_Data provided:_
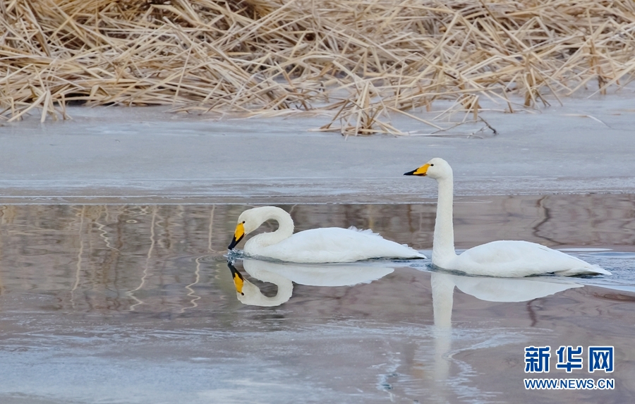 兩(liang) 隻天鵝在千姿湖中遊弋。新華網 宋忠勇 攝
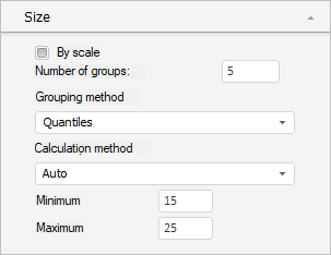 The Size tab in the express report bubble chart wizard looks as follows:
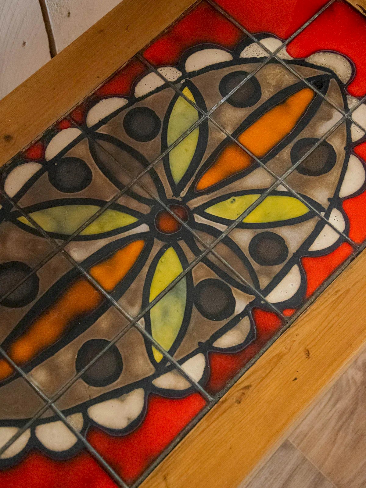 Enhance your living room with this coffee table from the Monsan Picard workshops in Toulouse, featuring a ceramic top set on a wooden structure and supported by wrought iron legs. Its long and low proportions provide a wide surface for books, objects, and appetizers, while maintaining an airy appearance thanks to the metal work. The combination of smooth ceramic, warm wood, and wrought iron creates a contemporary workshop atmosphere that is elegant and welcoming. Length: 103 cm Width: 42.5 cm Height: 40 cm Height under the top: 36 cm Condition: Used item with some superficial wear marks, fully operational and functioning correctly. It may be a display model or a returned item after a short period of use, with possible imperfections. Brand: Debongout Type: Vintage product Material: Ceramic, Wood, Iron Style: Country Personalized: Coffee tables
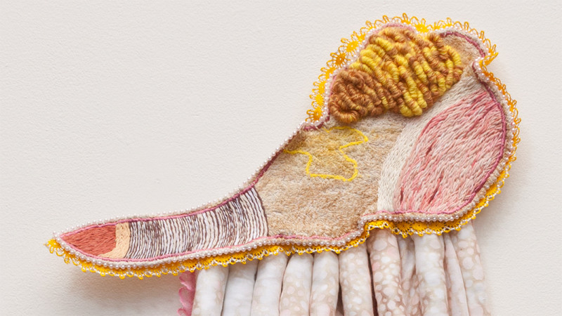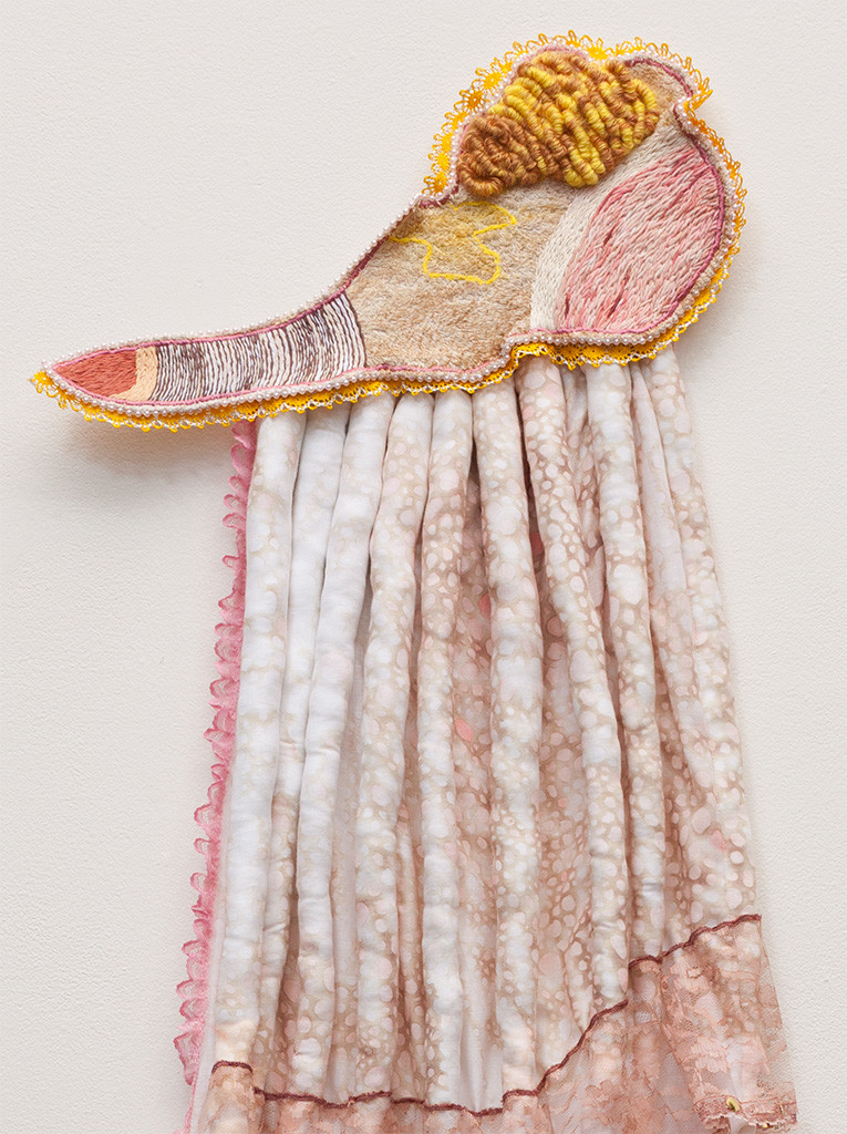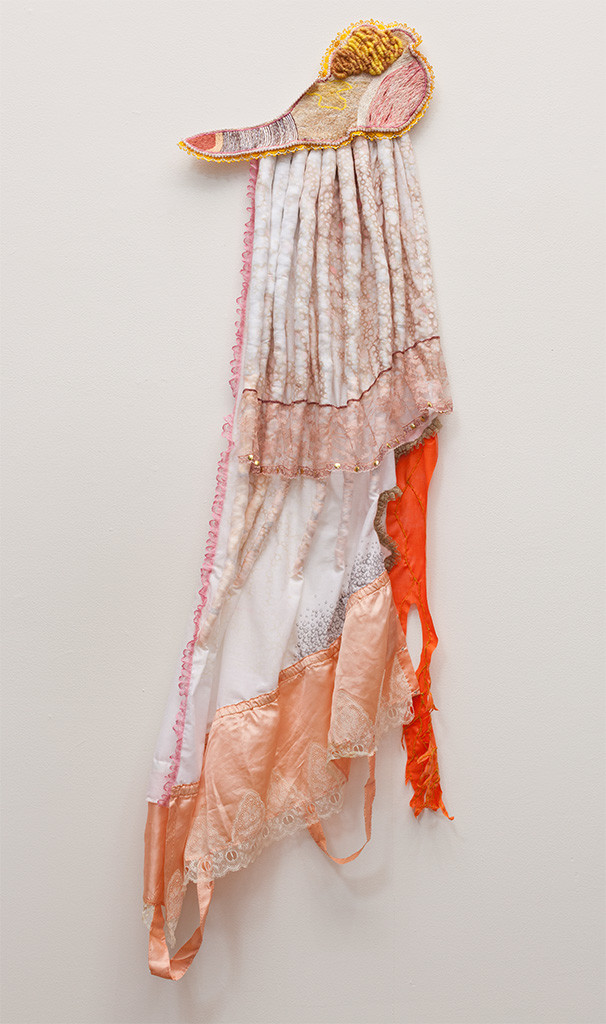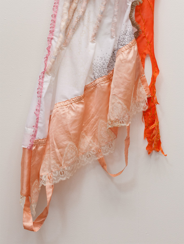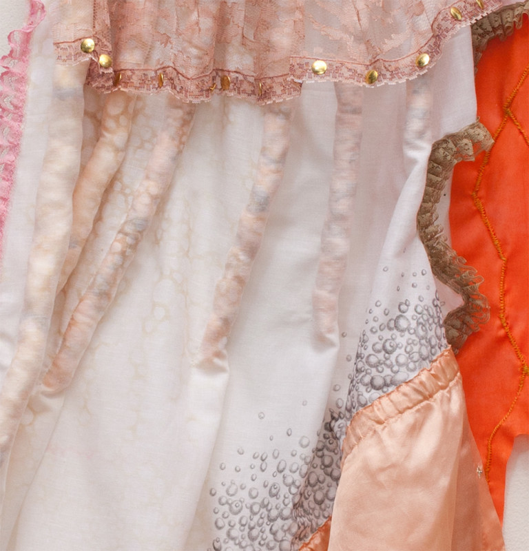 hand dyed embroidery floss, vintage lingerie, transfer ink, pencil, colored pencil, push pins, rubber, various trim

_Exercise:_ Set the data above down again exactly as given, with no pictures.

_Expected output:_
 兩(liang) 隻天鵝在千姿湖中遊弋。新華網 宋忠勇 攝
 The Size tab in the express report bubble chart wizard looks as follows:
 Enhance your living room with this coffee table from the Monsan Picard workshops in Toulouse, featuring a ceramic top set on a wooden structure and supported by wrought iron legs. Its long and low proportions provide a wide surface for books, objects, and appetizers, while maintaining an airy appearance thanks to the metal work. The combination of smooth ceramic, warm wood, and wrought iron creates a contemporary workshop atmosphere that is elegant and welcoming. Length: 103 cm Width: 42.5 cm Height: 40 cm Height under the top: 36 cm Condition: Used item with some superficial wear marks, fully operational and functioning correctly. It may be a display model or a returned item after a short period of use, with possible imperfections. Brand: Debongout Type: Vintage product Material: Ceramic, Wood, Iron Style: Country Personalized: Coffee tables
 hand dyed embroidery floss, vintage lingerie, transfer ink, pencil, colored pencil, push pins, rubber, various trim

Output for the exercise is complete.